Elena Chong, Straits Times
10 March 2009

A woman who mass-mailed evangelical tracts that the authorities have found objectionable claimed in her defence yesterday that she did not know what was in them.

Dorothy Chan Hien Leng said it was only after her arrest in January last year that she read the 11 publications ‘because I wanted to know why I was arrested’.

The 45-year-old associate director of UBS and her husband allegedly had 439 copies of the seditious tracts at their Bukit Timah condominium in Maplewoods on Jan 30 last year. They were arrested that day.

Her defence mirrored that of her husband, SingTel technical officer Ong Kian Cheong, 50, who completed his defence last week.

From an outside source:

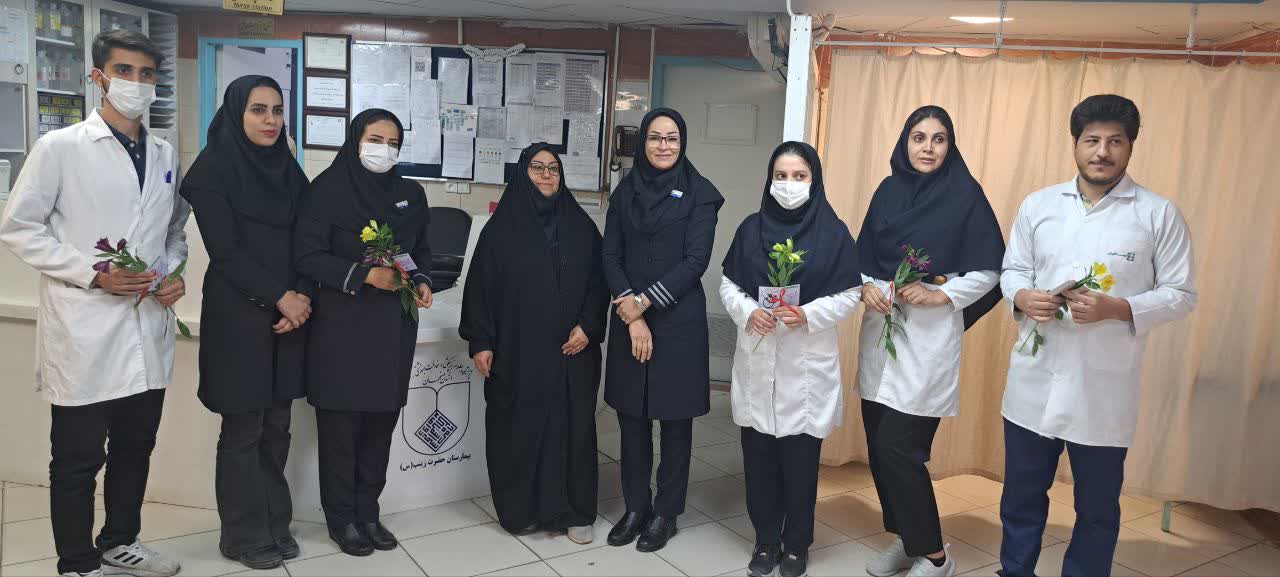 بازدید و تبریک روز پرستار توسط نماینده خیریه باران مهر علوی روز یکشنبه مورخ 1404/8/11 نماینده خیریه باران مهر علوی به مناسبت ولادت حضرت زینب (س) و روز پرستار با حضور در بخش ها و اهدا گل از زحمات کادر درمان قدردانی نمودند.

They are being tried for distributing the tracts to three Muslim civil servants between March and December 2007, and for possessing similar booklets.

One of the tracts sent out was titled The Little Bride, which the prosecution said would fan ill-will and hostility between Christians and Muslims.

Chan, who had been distributing Christian tracts for 20 years, said she did not know what she had been arrested for.

Replying to a query from her lawyer, Mr. Selva Naidu, she said she did not think she was doing anything wrong by mailing out the tracts. In fact, she said, she and her husband believed it was a good way to evangelise.

She told the court that she hoped people would come to know ‘the saving knowledge of Jesus Christ’.

‘We were sowing the Gospel seed,’ she said.

She bought the tracts from Tecman in Bras Basah Complex and another now-defunct bookshop in Bukit Timah Plaza. She also wrote to distributors and societies overseas for other titles.

Later, for convenience and cost, she went online and ordered tracts from Chick Publications, which she said was an established American outfit with annual sales of US$2.9 million (S$4.5 million).

When she and her husband started out, they simply dropped tracts in letter boxes at Housing Board blocks.

In the late 1990s, she began mailing them to people whose names she picked out randomly from the phone book.

She claimed to have read only some of the tracts, and that she stopped reading them in 2004.

She added that she did not show them to her husband.

Cross-examined by Deputy Public Prosecutor Anandan Bala, she confirmed that her husband had not read the 11 tracts, which were ‘very doctrinal’.

She said she was unsure if he could understand them as he was a ‘technical man’ and not much of a reader.

She agreed with the DPP, however, that they could be offensive to people of different religions, including even Roman Catholics.

Asked whether she agreed that a practising Catholic would be offended by the publication Are Roman Catholics Christians?, Chan replied: ‘It could cause great offence, or it could cause the Catholics to turn around and believe in Jesus.’